Input records:
[Start of Attachment]

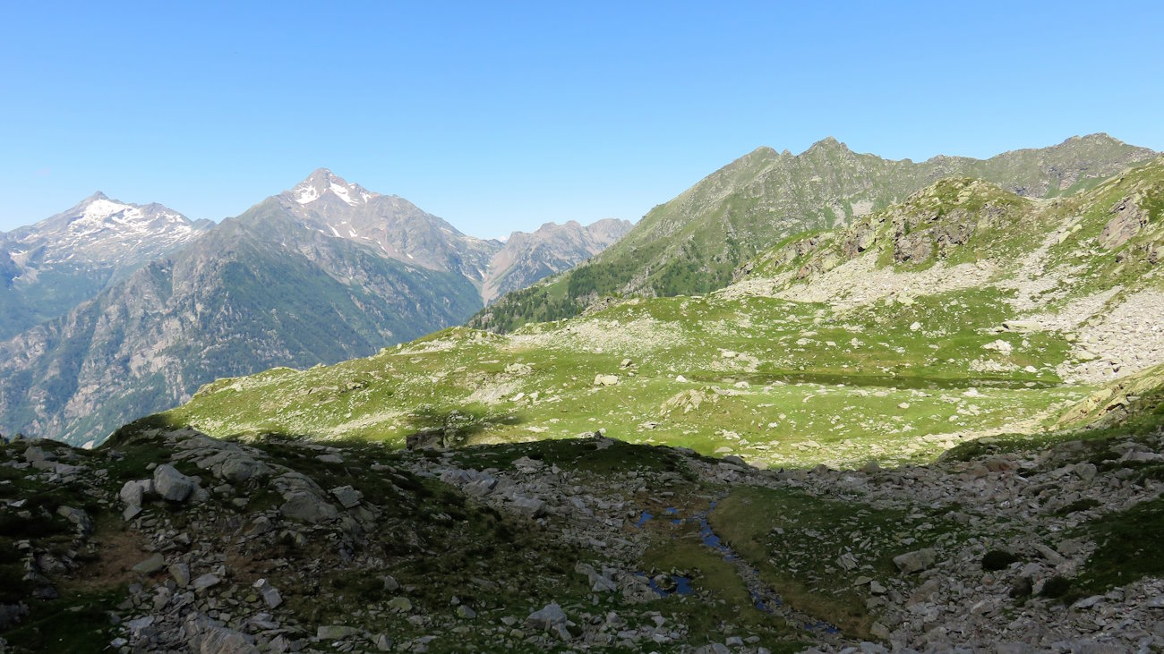 È una posizione strana questa, non aerea come mi sarei aspettato similmente ad una forcella di questo tipo. Sul versante piemontese opposto non vi è discesa diretta ma un bel pianoro chiuso da una catena di cime che si affacciano su Alagna. Che luogo remoto e solitario! Difficile incontrare qualcuno, a meno che non si capiti proprio nel periodo di passaggio del Tor des Géants!
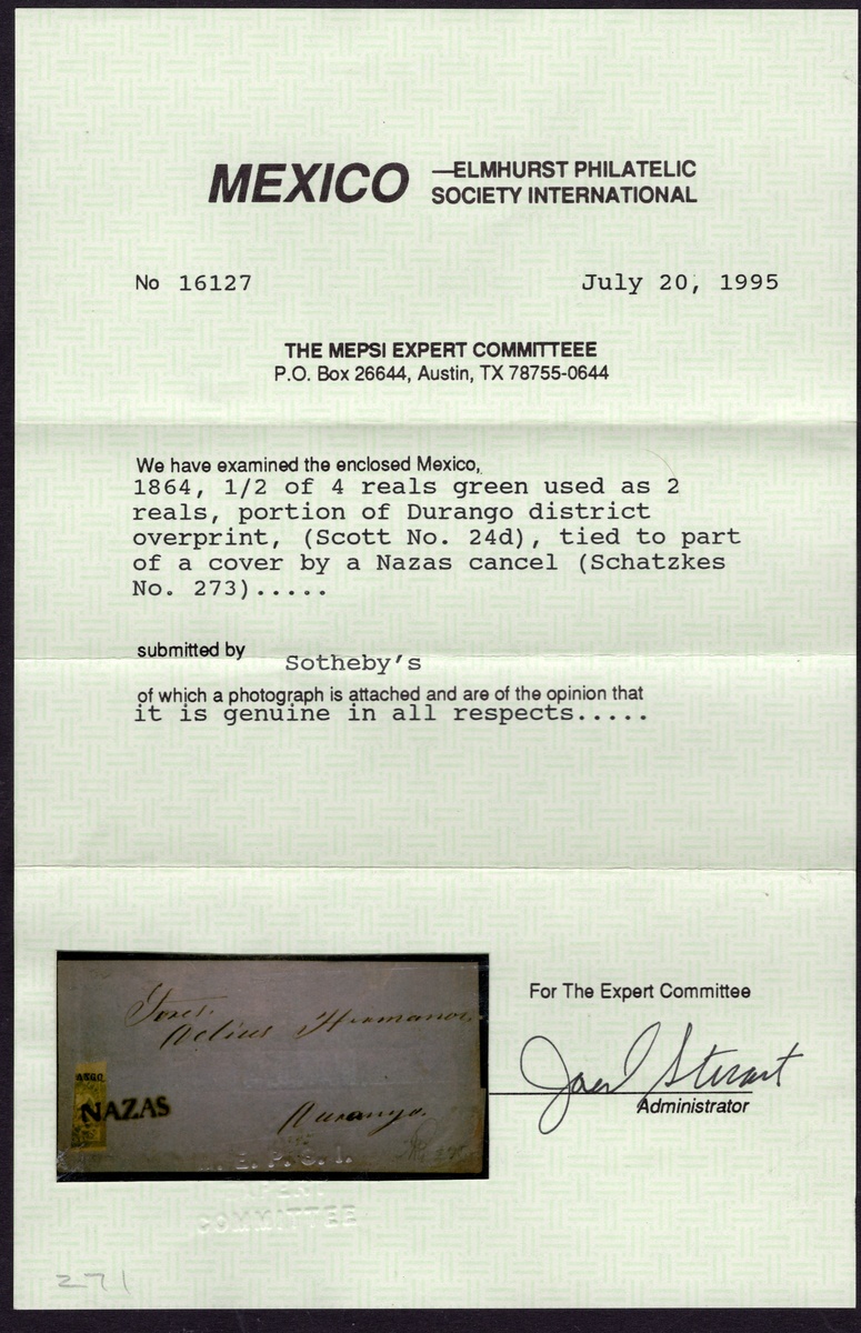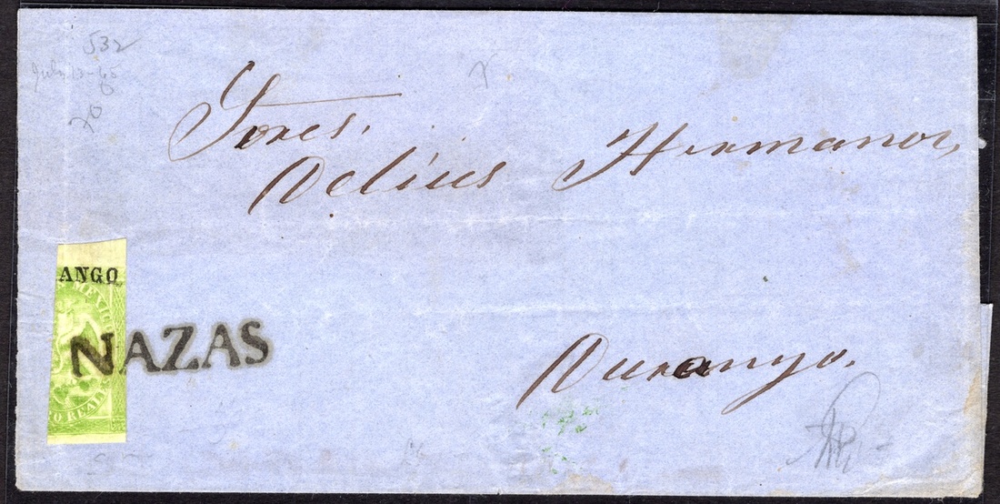 Durango 4r. Green, bisect on cover front, cancelled in the small town of Nazas with handstamp tying the franking, dated July 13, 1865. 1995 MEPSI certificate and signed J.K. Bash. Scott 24d, $700 on cover.
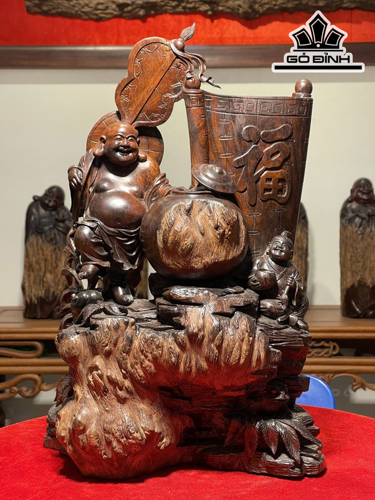 Tượng Phật Di Lặc Nhất Phúc Gỗ Nu Trắc Cao 42 Ngang 30 Sâu 16 (cm)
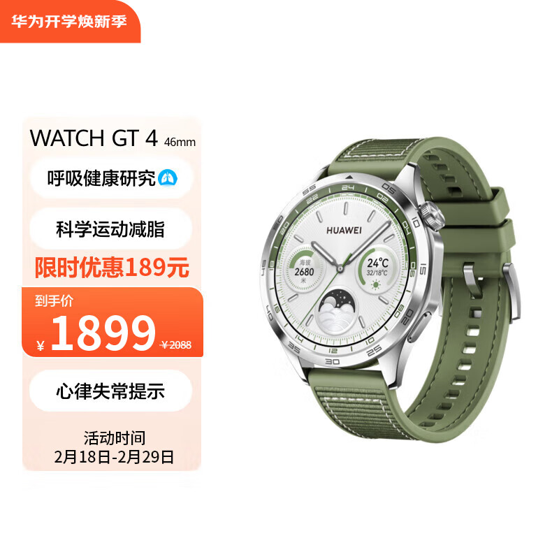 华为WATCH GT4华为手表智能手表呼吸健康研究心律失常提示华为gt4手表云杉绿支持龙年表盘价格:1879.00元!
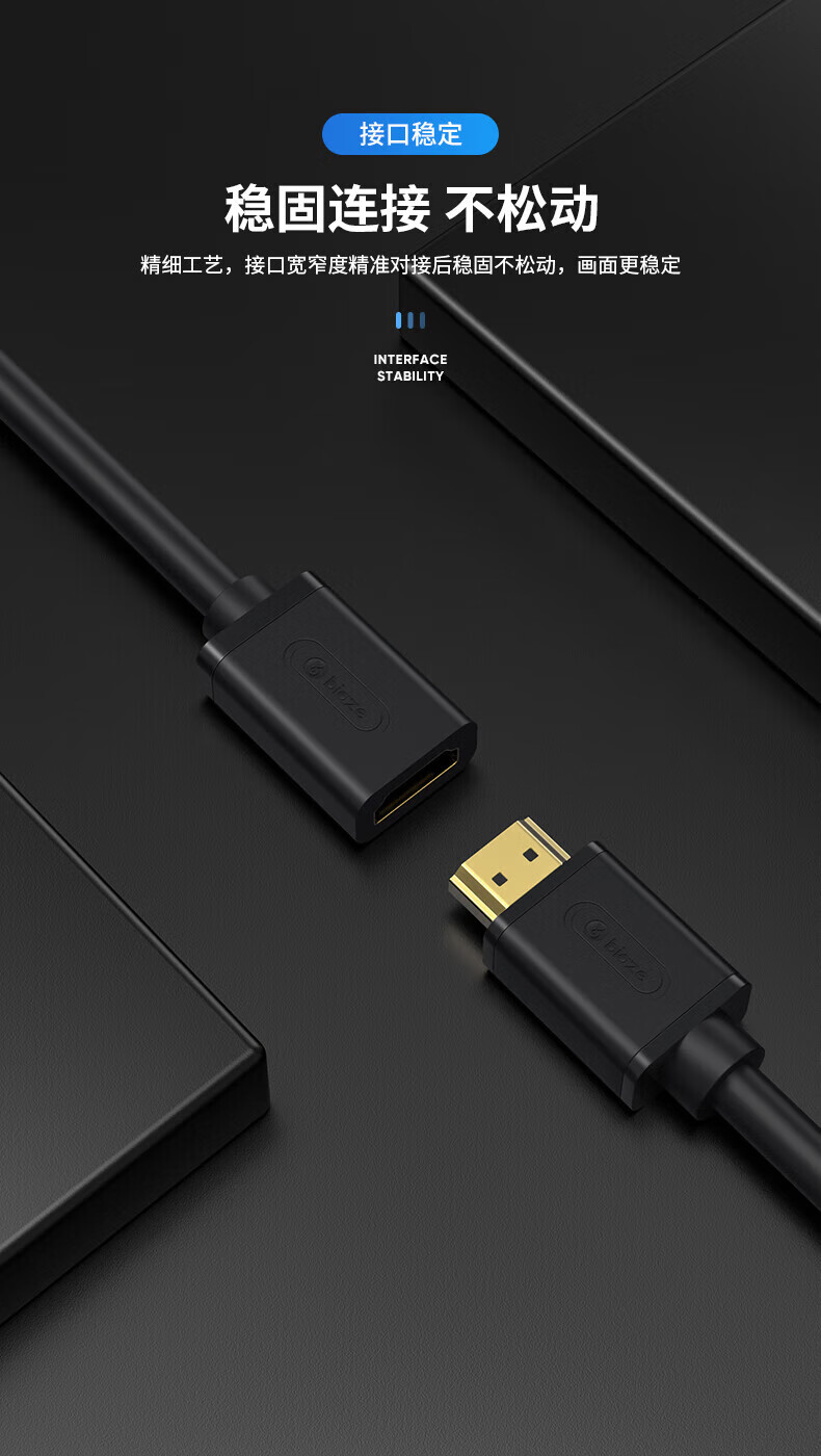 毕亚兹HDMI延长线2.0版短线4K数字高清线公对母20厘米 3D视频线电脑电视盒子机顶盒接显示器连接线 HX2 4K60Hz高清2.0版HDMI延长线 1米
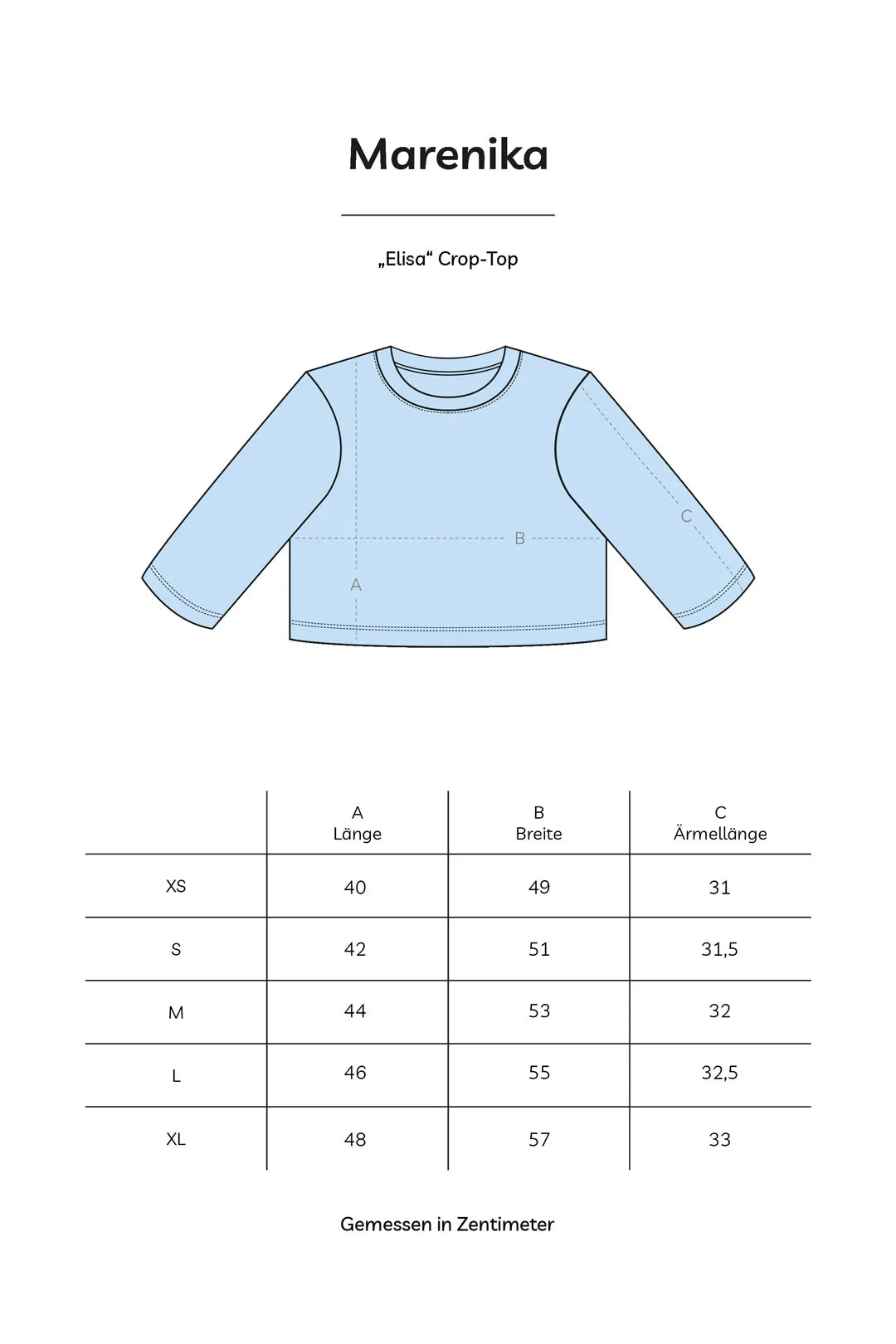 The ELISA crop top is made from 100% GOTS-certified organic cotton —a material that stands for sustainability, skin-friendliness, and comfort. The thicker cotton fabric offers complete opacity and shape retention, while the fine craftsmanship ensures longevity. The material remains soft and color-rich even after multiple washes, making it ideal for everyday wear.
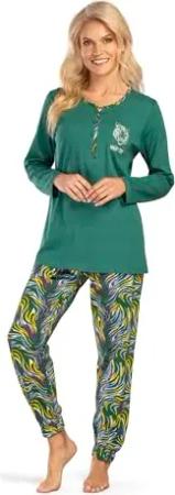 Damen Langarm Pyjama Schlafanzug Baumwolle Knopfleiste DF469 Gr.: 48
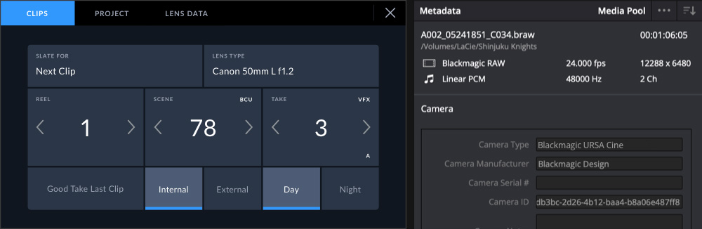 URSA Cine có tính năng phương tiện kỹ thuật số để bạn có thể nhanh chóng thêm siêu dữ liệu vào bất kỳ cảnh quay nào! Chỉ cần vuốt sang trái hoặc phải trên màn hình cảm ứng tích hợp để hiển thị bảng kỹ thuật số. Nếu bạn bắt đầu và dừng ghi, phương tiện chặn có thể tự động tăng số lần chụp để bạn không phải nhập chúng theo cách thủ công cho mỗi lần chụp! Bạn cũng có thể đặt số cuộn của mình tự động tăng lên mỗi khi bạn định dạng thẻ. Siêu dữ liệu ống kính được điền tự động hoặc có thể được nhập thủ công, cùng với thông tin cụ thể về sản xuất, thông tin kỹ thuật, v.v.! Tất cả siêu dữ liệu được lưu cùng với các tệp để sử dụng trong quá trình hậu kỳ khi chỉnh sửa và chỉnh màu bằng phần mềm như DaVinci Resolve!
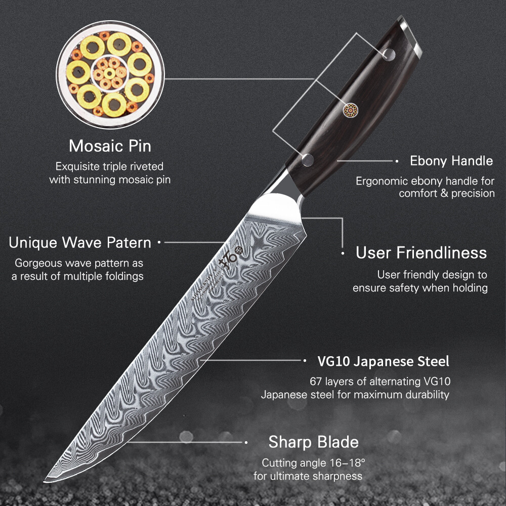 Feature:This kitchen knife set are made of high quality Japanese 67-layer Damascus steel and treated with 60HRC vacuum heat treatment and liquid nitrogen cooling. The Rockwell hardness of the cutting core is 60+. The cutting edge is 16-18 degrees, which means the blade is super sharp. Compared with similar products at this price, it has outstanding performance advantages.Exquisite appearance: beautiful and impressive fish bone pattern. Every time you pick it up, you can't help but taking cooking seriously. AND remember? Serious men are always handsome. Then don’t forget to wipe your chef knife after using, to make a perfect finish to your cooking.The chef Knife are one of the most useful and versatile designs available, which you can... DAMASCUS KNIVES 7x TURWHO Chef Knife Damascus Steel Santoku Kitchen Knife Block Set With Ebony Handle Feature: This kitchen knife set are made of high quality Japanese 67-layer Damascus steel and treated with 60HRC vacuum heat treatment and liquid nitrogen cooling. The Rockwell hardness of the cutting core is 60+. The cutting edge is 16-18 degrees, which means the blade is super sharp. Compared with similar products at this price, it has outstanding performance advantages. Exquisite appearance: beautiful and impressive fish bone pattern. Every time you pick it up, you can't help but taking cooking seriously. AND remember? Serious men are always handsome. Then don’t forget to wipe your chef knife after using, to make a perfect finish to your cooking. The chef Knife are one of the most useful and versatile designs available, which you can use to chop, slice, dice and mince all types of vegetables, fruits, meats, bread and fish. This chef knife will be your most valuable player, no matter what type you pick. So choosing an excellent chef knife is especially important. Design Characteristics: Ergonomic ebony wood handle. The shade of handle is designed based on the human engineering. This can lessen your tiredness, numbness, and soreness even if you grasp it for a long time. EASY CARE:All knives store safely In the acacia wood knife block. Simple appearance can decorate your kitchen without taking up space and reduce knife contact with air and risk of rusting.It is indispensable gift for Christmas parties. TURWHO Trust: We promise a superior product that will give you a lifetime of exemplary service, try it risk free, we know you'll love it. Specification: Brand: TURWHO Blade Material: Japanese VG10 67-layer Damascus Steel Handle Material: Ebony Handle Color: Black Cutting edge: 16-18 degrees Food Compatibility: Universal Manufacturer Warranty: Lifetime Weight: 4.54KG (including box) Package included: 1x TURWHO 3.5-inch Paring Knife 1x TURWHO 6.5-inch Boning Knife 1x TURWHO 7-inch Santoku knife 1x TURWHO 8-inch Slicing Knife 1x TURWHO 8.2-inch Chef Knife 1x TURWHO Multi-Purpose Kitchen Scissors 1x TURWHO Acacia Wood Storage Block Holder 1x TURWHO Premium Package Gift Box 1x TURWHO Cleaning Cloth 1x TURWHO Operation Instructions Item Specifics Brand TURWHO Set Includes Chef's Knife Type Chef's Knife Food Compatibility Universal Material Japanese VG10 Damascus Steel Cutting edge 16-18 degrees Color Black MPN US112468 Blade Edge Straight Handle Material Ebony Handle Features Well Balance, VG10 Damascus Steel, Very Sharp Number of Items in Set 7 Custom Bundle Yes Manufacturer Warranty Lifetime Bundle Description 5x Knife, 1x Shears, 1x Knife Block In Gift Box Making Method Hot Air Room Kitchen Blade Length 3.5in, 6.5in, 7in, 8in, 8.2in Block Holder Material Acacia Wood Payment All purchases will go through eBay secured checkout to ensure that your order is processed without any delays. After you have made your purchase you can either click on 'Pay now' or follow the instructions in an automated email that you will receive shortly after your purchase. During the checkout, you can make an immediate payment by PayPal account, MasterCard, Visa or select an alternative method of payment, and receive the necessary payment details. Please note: If you have already marked payment as sent But actually not paid, then you MUST mark as payment not sent otherwise the PAY NOW button will not be available. Shipping 1.all orders will be Dispatched within 2 working days after payment. 2.orders are not processed on weekends or public holidays. 3.usually takes 3-6 business days to most US destinations. 4.Your patience would be much appreciated. 5.all items will be checked carefully and packaging well before send out. 6.All orders are including the tracking number. Any questions, please feel free to contact us. Returns Refund or replacement request is available only the requests within 60 days after parcel received & return the item as the same condition as received. Please contact us to request a return authorization. Your name, auction number, and reason for return should be included in the email. All items returned must contain all original packaging materials. Please repack the item carefully. Item returned will be tested and a new replacement will be shipped to the buyer immediately when found defective. In the event that a suitable replacement is not available then a refund will be issued. If the item is found non-defective and buyer just don't like it, we will still make you a full refund, but the return shipping fee at buyer's expense. All item return must have a RMA number, Please contact us to request a return detail address and the RMA number, this can help us identify return items accurate. Buyer is responsible for additional shipping costs for items that are returned refused or undeliverable. We do not accept any returns without an authorization number on the box or label it is being returned in. Contact Us We care about our valued buyers, if you have any questions, our Customer Service will be very glad to help you. For more information, please contact us through ebay message system. All questions would be answered within 48 hours. DAMASCUS KNIVES DESCRIPTION PAYME
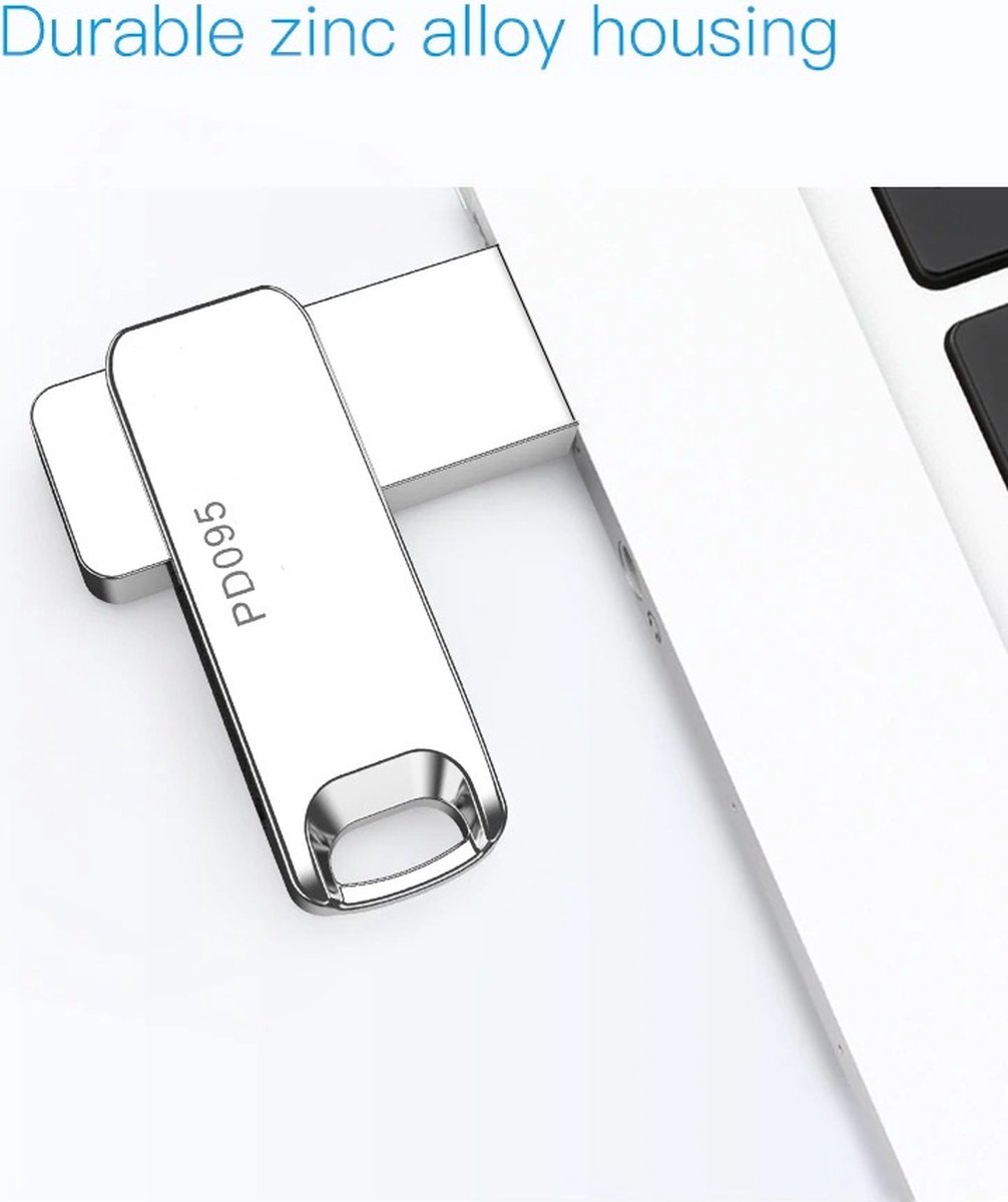 Metalen behuizing van zinklegering: Het ontwerp van de metalen behuizing is van hoge kwaliteit maakt het duurzaam, vochtbestendig en ziet er zakelijk uit. Daarnaast heeft het een sleutelhanger opening waarbij je je usb kunt aansluiten op een sleutelhanger of andere toebehoren.

[End of Attachment]

Instructions to follow: Look above for the line with "华为WATCH GT4华为手" and the line with "Damen Langarm Pyjama", then copy them and all lines in between exactly as written, and only those, without any pictures.

Answer area:
 华为WATCH GT4华为手表智能手表呼吸健康研究心律失常提示华为gt4手表云杉绿支持龙年表盘价格:1879.00元!
 毕亚兹HDMI延长线2.0版短线4K数字高清线公对母20厘米 3D视频线电脑电视盒子机顶盒接显示器连接线 HX2 4K60Hz高清2.0版HDMI延长线 1米
 The ELISA crop top is made from 100% GOTS-certified organic cotton —a material that stands for sustainability, skin-friendliness, and comfort. The thicker cotton fabric offers complete opacity and shape retention, while the fine craftsmanship ensures longevity. The material remains soft and color-rich even after multiple washes, making it ideal for everyday wear.
 Damen Langarm Pyjama Schlafanzug Baumwolle Knopfleiste DF469 Gr.: 48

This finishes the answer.